In the neighborhood of the larger cities trucking and fruit growing are profitable, combined with poultry raising, often on farms of not more than five or ten acres.

Many farmers devote part of their time successfully to bees, and there is nowhere a better climate for flowers than that of Maryland. Two English florists who have settled in Baltimore County, ten and thirteen miles northeast of the city, daily send to all parts of the United States and even to Canada many large boxes of beautiful roses, carnations, violets, and other choice flowers. Both of these men began on a small scale and have prospered.

The farmer who has a couple of thousand dollars to pay cash for a small farm in Maryland is assured of a good living. But also a less favored settler, if he has only from four to eight hundred dollars, can have a good start in Maryland, and probably as good a chance for independence and prosperity as anywhere.

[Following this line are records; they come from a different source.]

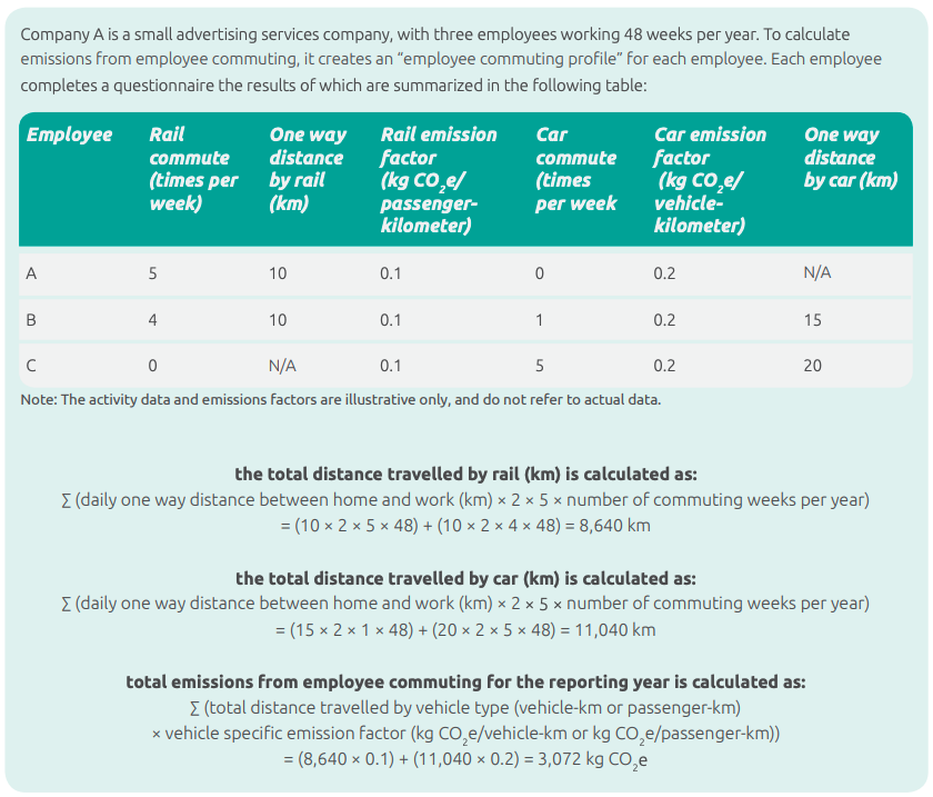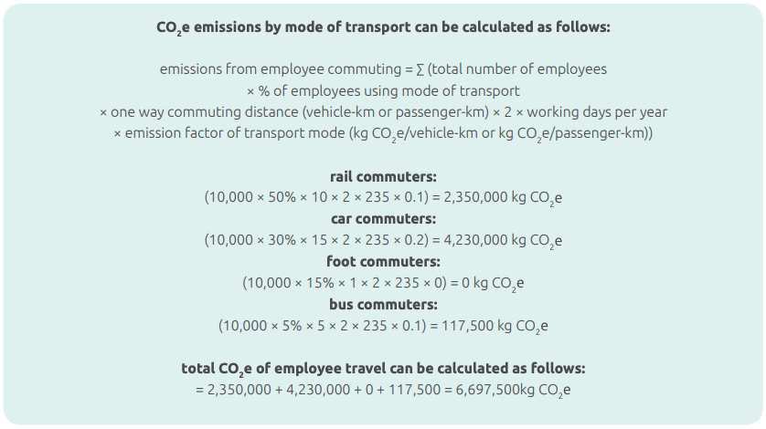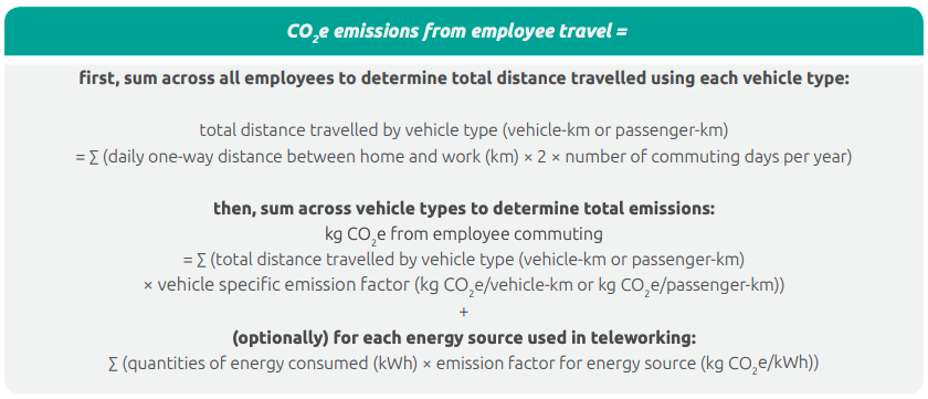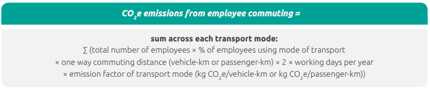 The formula for calculating emissions from employee commuting is shown below.
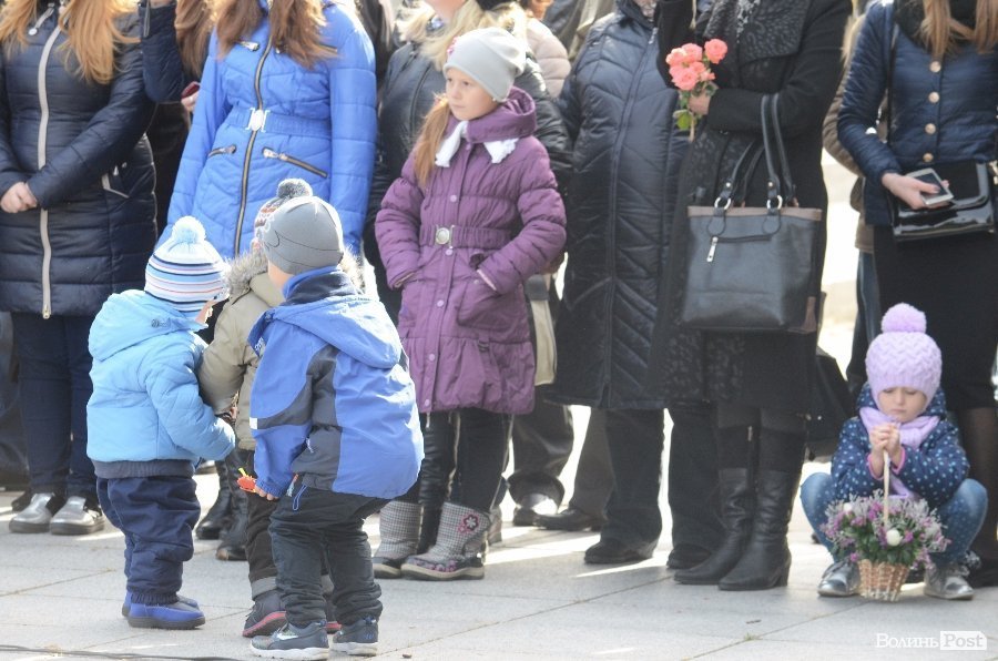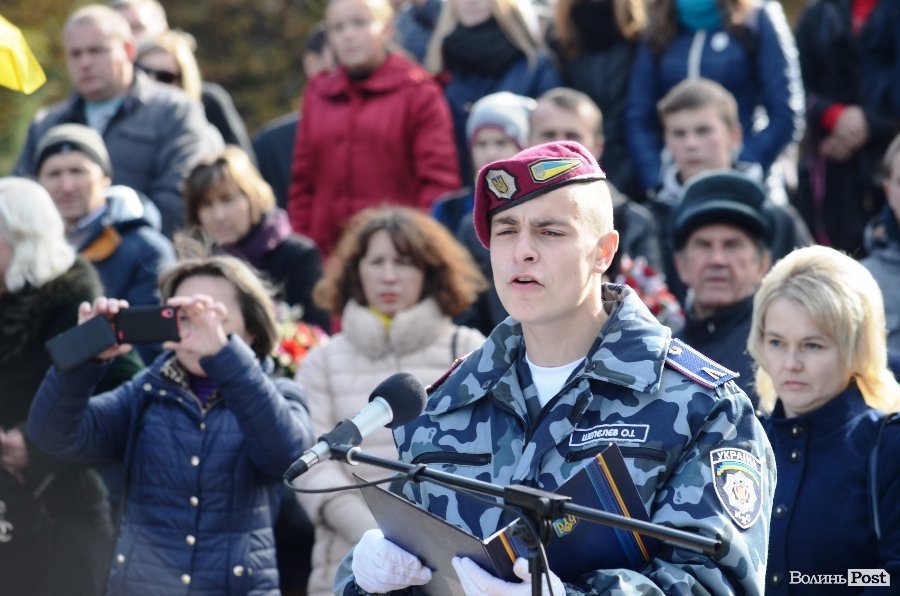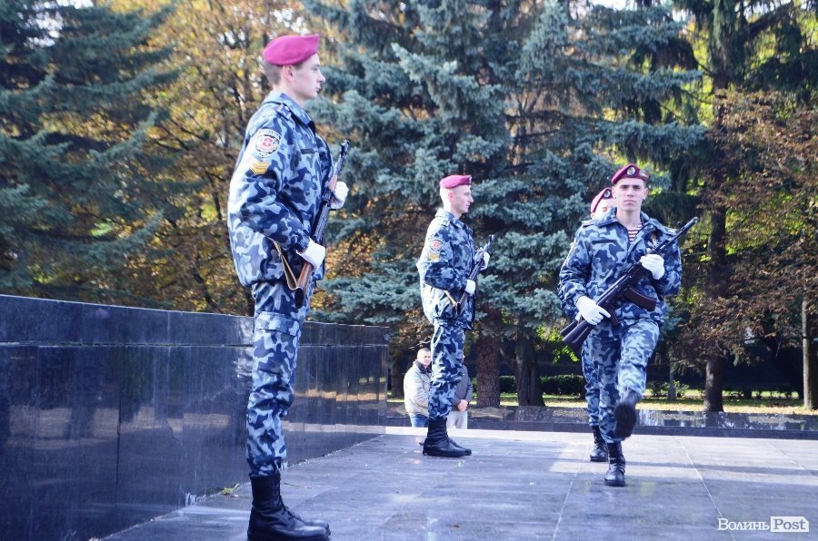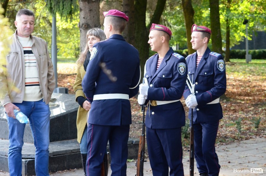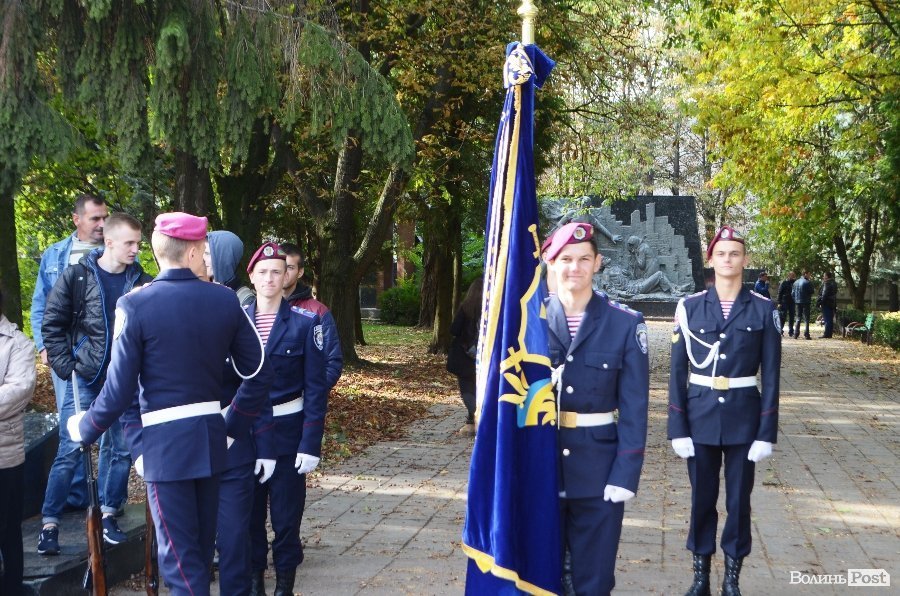 Нових ліцеїстів на Меморіалі Вічної Слави у Луцьку вітали директор Ліцею Анатолій Дудич, Луцький міський голова Микола Романюк і генерал третього рангу Петро Шпига.
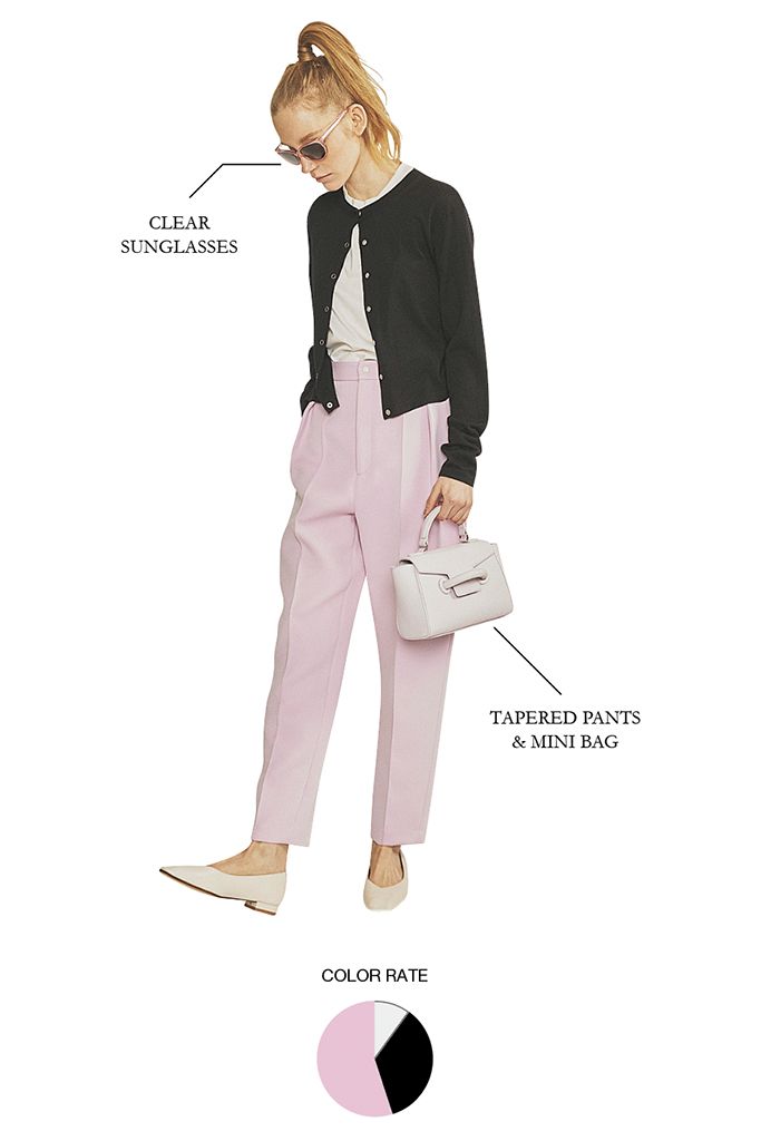 センタープレス入りのスラックスでコンサバな組み合わせを違和感なくトーンアップ。青みがかったピンクなら、クールなニュアンスが加わり大人っぽく。
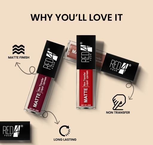 Name: Red4 Miss Perfect Liquid Lip Cream | Non Transfer Liquid Lipstick | Matte Finish | Long Lasting and Waterproof Liquid Lipstick
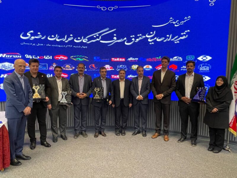 لازم به ذکر است در این همایش ازشرکتهای، افلاک الکتریک خراسان، پاک فیروزه، آبراهه گستر نیشابور، پنبه و دانه های روغنی خراسان، فرآوردههای لبنی بینالود، فضل نیشابور (روغن نباتی سه گل) و سنجش ابزارپویای آینده به عنوان واحدهای برتر حامی مصرفکنندگان با اهدای لوح و تندیس تقدیر شد.
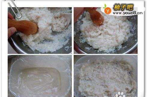 7把蒸好的糯米用勺子或捣蒜的碾压筋道。
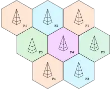 Example of frequency reuse factor or pattern, for four frequencies (F1-F4)
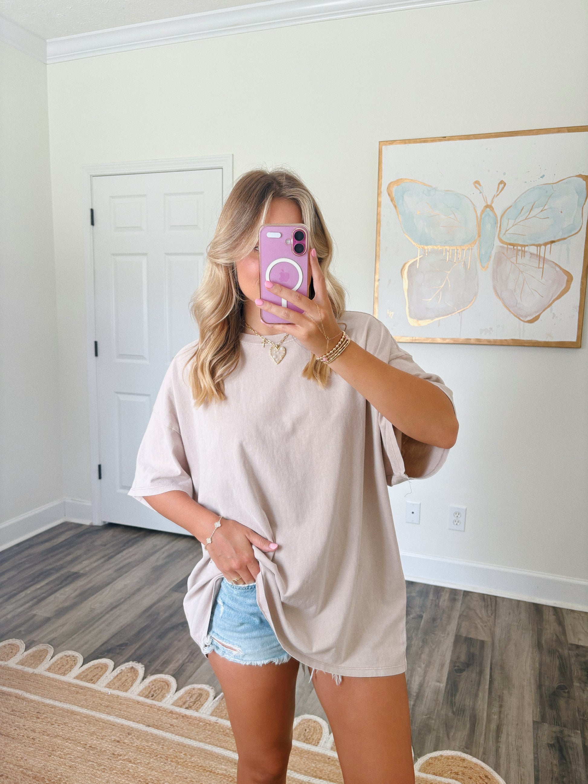 This is the comfiest tee for any casual day! You could pair it with shorts, leggings, or jeans! They run oversized, so if you want a smaller fit, size down! Hallie is wearing a small.
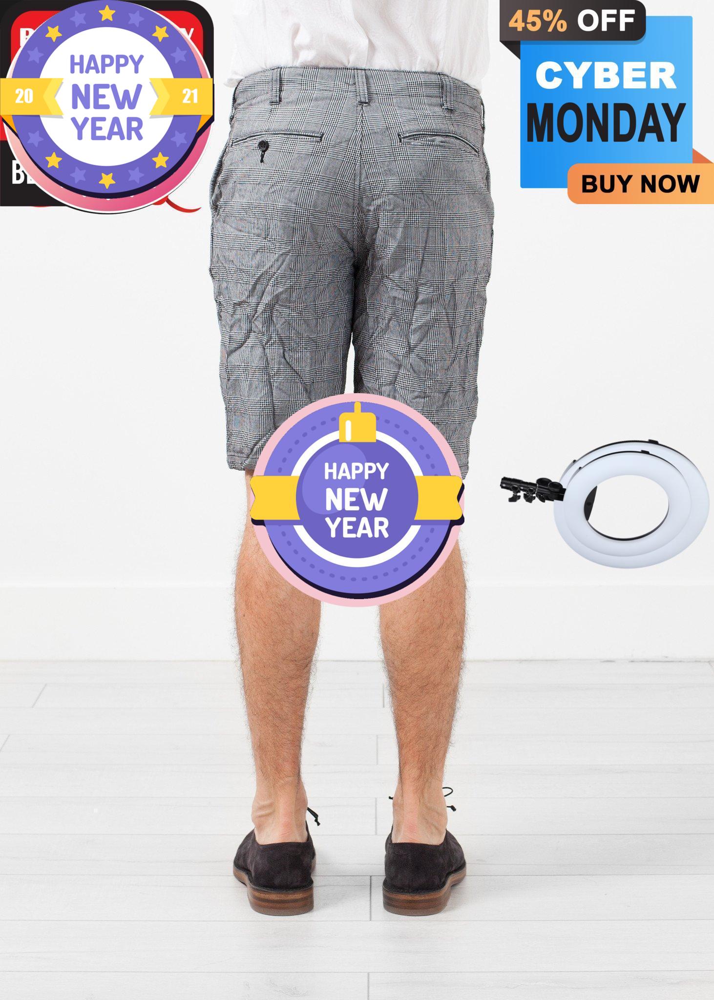 The Check Short from Sage de Cret offers an engaging texture with comfort stretch. Hook and eye closure with zip fly. Four exterior pockets. Lining. Color Black/White. 56% Wool, 44% Polyester, Lining 100% Polyester. Made in Japan. Jacob is wearing a Medium.
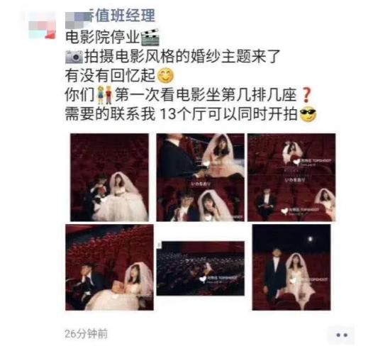 迟迟开不了门的电影院,在开始送外卖、卖冰淇淋、爆米花的自救副业之外,又被逼到出租场地拍婚纱照了。
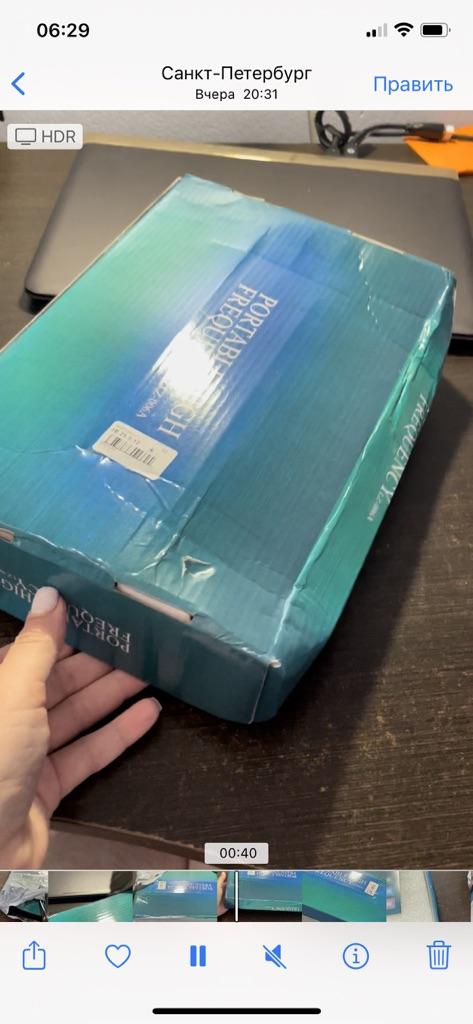 Всё работает, коробка повреждена. Насадка основная с трещиной.
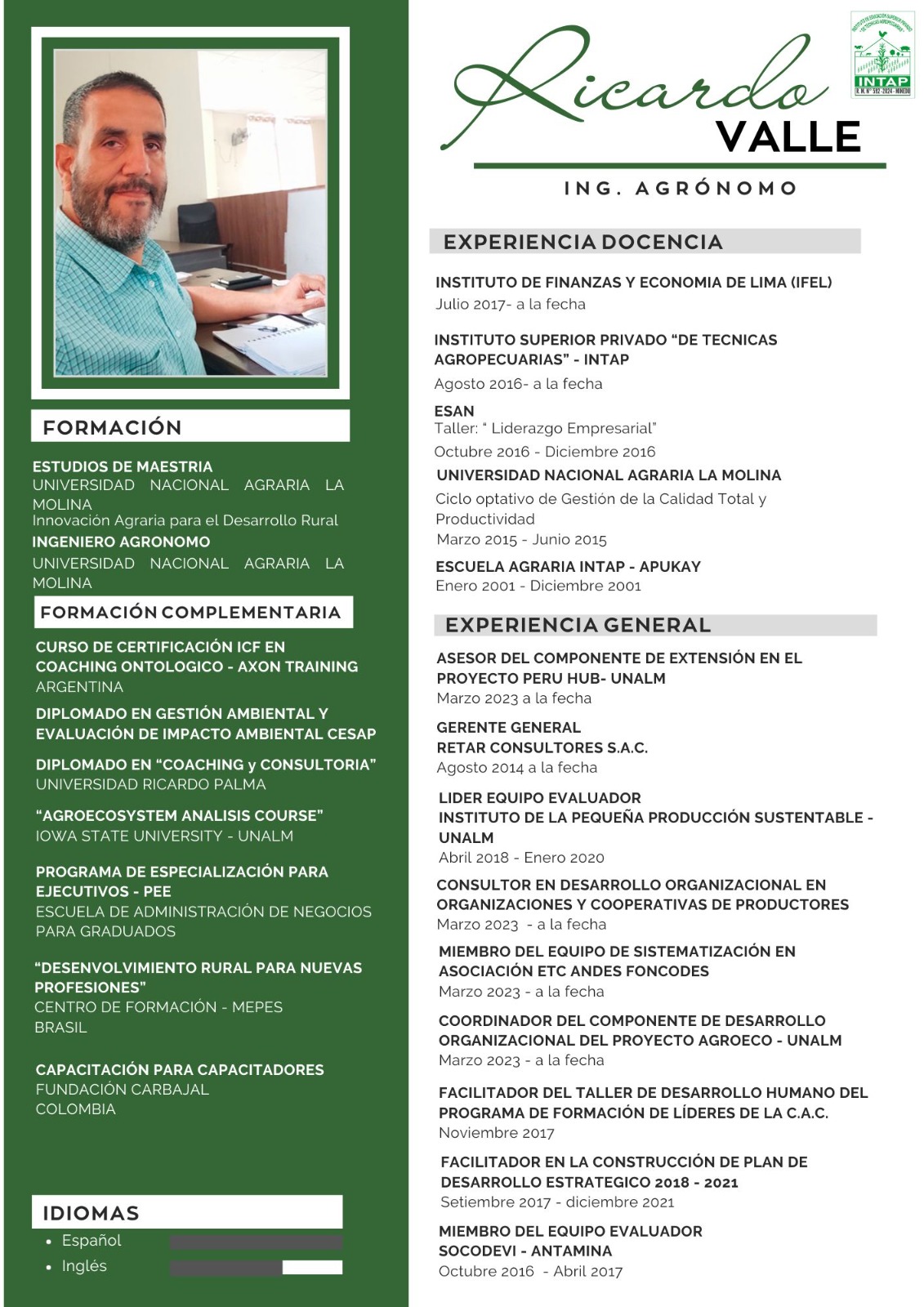 Ingeniero en Ciencias Agrarias, con estudios concluidos de maestría en Innovación Agraria para el Desarrollo Rural en la Universidad Nacional Agraria La Molina. Consultor en proyectos de desarrollo desde el año 2005; facilitador en procesos de capacitación de adultos y metodologías participativas en proyectos de desarrollo agropecuario y planificación estratégica. Consultor y facilitador en temas de desarrollo humano y fortalecimiento organizacional; docente en la formación de jóvenes técnicos agropecuarios, cofundador de RETAR Consultores.
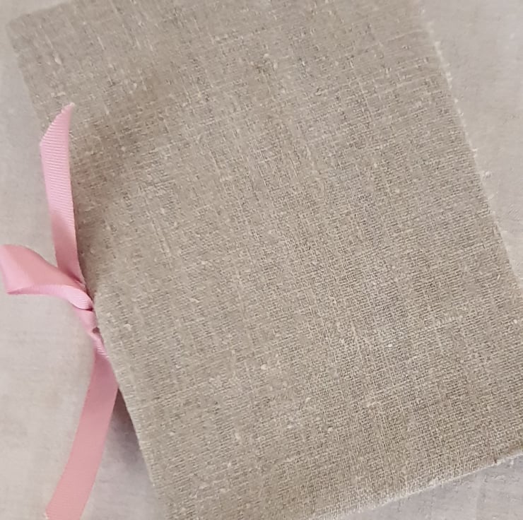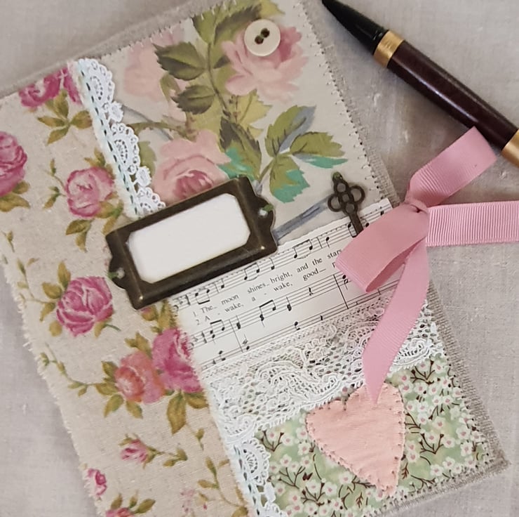 This A5 sized journal is covered with a handmade natural linen cover, embellished with pretty floral fabric, lace, vintage sheet music, a quilt heart, vintage button and a little key. It has a blank label for you to complete and ties with a pink grosgrain ribbon.

Families of immigrants when traveling to the Western, Northwestern, and Southern states of America have to spend from one hundred and fifty to two hundred dollars for railroad tickets from New York to their destination; by going to these adjoining states they can save all that money, and invest it in land.

The Virginia Department of Agriculture and Immigration also publishes information for the home seeker.

To most people the name Virginia carries with it limitless vistas of tobacco fields covered with darkies plying the hoe, or picking off the ubiquitous worm. Before the War this picture would have been a true one; but since the awakening of the younger generation to a better understanding of her resources, together with the withdrawal of large numbers of the colored people into industrial occupations, no state offers more attractive inducements to the homecrofter than Virginia. In climate, diversity of soils, fruits, forests, water supply, mineral deposits, including mountain and valley, she offers unsurpassed advantages. Truly did Captain John Smith, the adventurous father of Virginia, suggest that "Heaven and earth never agreed better to frame a place for man's habitation."

Virginia lies between the extremes of heat and cold, removed alike from the sultry, protracted summers of the more southern states, and the longer winters and devastating storm and cyclones of the North and Northwest. Its limits north and south correspond to California and southern Europe.

The climate is mild and healthful. The winters are less severe than in the Northern and Northwestern states, or even the western localities of the same latitude, while the occasional periods of extreme heat in the summer are not more oppressive than in many portions of the North.

Tidewater Virginia, or the Coastal Plain, as it is sometimes called, receives the name from the fact that the streams that penetrate it feel the ebb and flow of the tides from the ocean up to the head of navigation. It consists chiefly of broad and level plains, while a considerable portion, nearest to the bay, has shallow bays and estuaries, and marshes that are in most instances reached only by the ocean tides. These marshes abound with wild duck and sora. Tidewater is mainly an alluvial country. The soil is chiefly light, sandy loam, underlaid with clay. Its principal productions are fruits and early vegetables, which are raised in extensive "market gardens," and shipped in large quantities to Northern cities. The fertilizing minerals—gypsum, marl, and greensand—abound, and their judicious use readily restores the lands when exhausted by improvident cultivation.

Middle Virginia is a wide, undulating plain, crossed by many rivers that have cut their channels to a considerable depth and are bordered by alluvial bottom lands that are very productive. The soil consists of clays with a subsoil of disintegrated sandstone rocks, and varies according to the nature of the rock from which it is formed.